Y Combinator co-founder Paul Graham got into some hot water recently for controversial comments about women in tech. This follows a previous dodgy statement of his about “founders with foreign accents”, and another saying “I can be tricked by anyone who looks like Mark Zuckerberg”.
I’ve never met Graham, but by all accounts he’s a well-meaning guy who doesn’t maliciously discriminate. And he acknowledges at least some of his prejudice, which is more than most people who worship at the cult of meritocracy are willing to do. Unfortunately, however, the underlying bias emerging from Graham’s statements is common in Silicon Valley.
This bias is typically not due to an intent to exclude women, immigrants, people of color or older people. Instead it’s the result of an unhealthy and extreme reverence for one, and only one, archetype: The Hacker.
Boyz n the Hoodie
The Hacker archetype is a 20-something, hoodie-wearing, white male. He grew up with enough economic privilege to be able to teach himself programming as a teen. He’s so consumed by computing that he no time for such trivia as social skills or a dress sense. His drive and ambition to “innovate”, “disrupt” and “change the world” leave him with little patience for rules or standards of conduct. His mantra is “Move Fast and Break Things” (especially other people’s things). He’s the Silicon Valley realization of two tropes rolled into one: the pioneer and the self-made man (who is almost always a man, and almost never self-made).
The platonic form of The Hacker is, of course, Mark Zuckerberg.
Now, Paul Graham claims to have been misquoted. I take him at his word that his comments about women were only intended in a narrow context. But his correction, with its further harping on and on about “hacker this” and “hacker that”, is actually more revealing than his original statement. All his statements above, including this correction, make it abundantly clear that, to him, the only kind of person who counts is The Hacker. And Graham is far from alone in this thinking.
When Did a Hack Become a Good Thing?
In journalism, a “hack” is a pejorative term for a writer who churns out large amounts of low-quality content. In programming, a “hack” denotes an inelegant solution, typically to band-aid over a problem until a more comprehensive solution can be written.
Yet somehow, in the past decade, “hacker” became a compliment. Facebook, for example, built its entire corporate culture around “The Hacker Way”, a mish-mash of truisms about fast iteration and prototyping, such as “done is better than perfect”.

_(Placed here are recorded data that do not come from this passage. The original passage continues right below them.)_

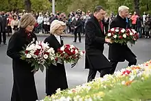 Throughout Kariņš' term as prime minister, relations between Latvia and Russia significantly worsened, particularly following the 2022 Russian invasion of Ukraine. At the Riga StratCom Dialogue in May 2022, Kariņš said that, "in order to ensure peace and security in Europe and the world, Russia must lose this war. Ukraine must win. This is the only way we can return to a peaceful life".[66] At the same meeting, he also criticized certain western European leaders' perceived willingness to negotiate with Russia over the conflict.[67] In a summit of Baltic sea countries in Copenhagen, Kariņš said that "countries surrounding the Baltic Sea should minimise economic cooperation with Russia, especially in the energy sector".[68] On 25 August 2022, a Soviet war memorial that had been protected under a treaty between Latvia and Russia was torn down. Kariņš said that along with decreasing energy dependence on Russia, this action "freed Latvia from the lasting consequences of occupation."[69] On 8 September 2022, the Kariņš government approved additional restrictions on the entry of Russian citizens into Latvia via the external border of the European Union, with Kariņš saying that Russian citizens freely moving around the EU while Russia invaded Ukraine was " unacceptable both from a moral and security considerations".[70]
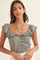 Black Plaid Boat Self-Tie Halter Gathered Bodysuit
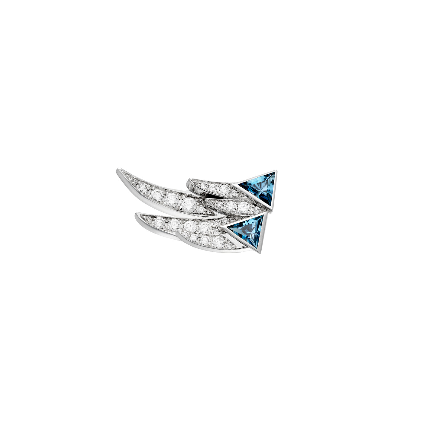Inspirée de la collection de pièces exceptionnelles au nom éponyme, la boucle d’oreille Spread Your Wings constituée d’ailes aériennes et minimalistes, se pose parfaitement sur l’oreille. Des créations qui se portent seules ou en duo, pour jouer sur une asymétrie totalement addictive ! Disponible en différentes pierres de couleurs précieusement taillées en triangle, Améthystes, Tsavorites ou Topazes Blue London fusionnent avec ces plumes courbes et effilées, pavées de diamants GVS.
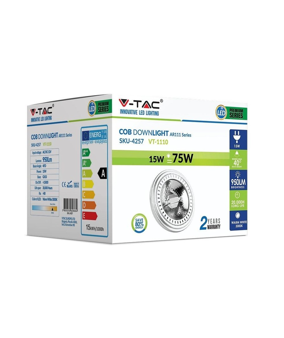 V-Tac 15W LED spotlight är en energieffektiv belysning som erbjuder ett högkvalitativt ljus som både är skonsamt mot ögat och miljön.
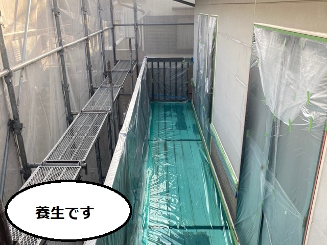 養生とは、塗装をしない部分をシートやテープで覆い、塗料の飛び散りや付着を防ぐ作業です。

Graham takes this even further, staking out a distinction between CS majors and hackers, to the detriment of the former. For example:
The problem with that is I think, at least with technology companies, the people who are really good technology founders have a genuine deep interest in technology. In fact, I’ve heard startups say that they did not like to hire people who had only started programming when they became CS majors in college.
Somehow, being a self-taught, college-dropout programmer with no industry experience has become not a liability but a badge of honor. This is a great shame, because true technological innovation often requires knowledge, experience and maturity.
Many conversations about “tech” are actually about products, or worse, about money. Modest UX tweaks are frequently lauded as “innovation”. But there’s also a lot of truly heavy lifting to be done in the tech industry, and this requires expertise, talent and rigor, qualities that we must look beyond the “hacker pool” to find.
It’s hard for an early-stage investor to predict eventual returns based on little more than a pitch deck. There are few objective measures by which to judge an early-stage startup. So VCs fall back on “intuition”, sometimes more honestly referred to as “pattern matching”. And what better pattern to match than ur-hacker Zuck, the founder of a company that went from $0 to $100B in eight years?
The trouble is, what’s really going on is mostly just confirmation bias and selection bias, and on a hopelessly small sample size at that. “Pattern matching” is really just an anodyne synonym of “prejudice”.
It may not look like prejudice, because the focus is less on what you are (a woman, a person of color, over 40) than on what you’re not (a Hacker). So it may not be grounded in overt sexism or racism, but it’s all the more insidious for that. At least with Pax Dickinson you know what you’re getting into. It’s harder to deal with discrimination that isn’t aware of its own existence.
Hacking The Hacker
This prejudice’s obsession with a single archetype is also its weak spot: Deconstruct the Hacker and you weaken the bias it engenders. By challenging various aspects of this archetype we can reduce its near-mystical significance in Silicon Valley. Take away the pattern, and pattern matching becomes much harder.
So think of this as a call to arms: Let’s hack The Hacker!
It’s not that conforming to the Hacker archetype is bad of itself. It’s that mythologizing just one type of person necessarily excludes others from access to capital, jobs and other resources. Not to mention the fact that it also creates a lot of false positives: bad ideas that get funding because the founder “looked right”. And such poor allocation of capital is bad for everyone: investors, hackers and the rest of us.
So the goal is not to take down any individual, but to rid the Hacker ethos of its glamor. To say that it’s fine to be a Hacker, and equally fine not to be one. Whatever your background, and however you got to where you are, investors like Graham should have open minds about you and your ideas.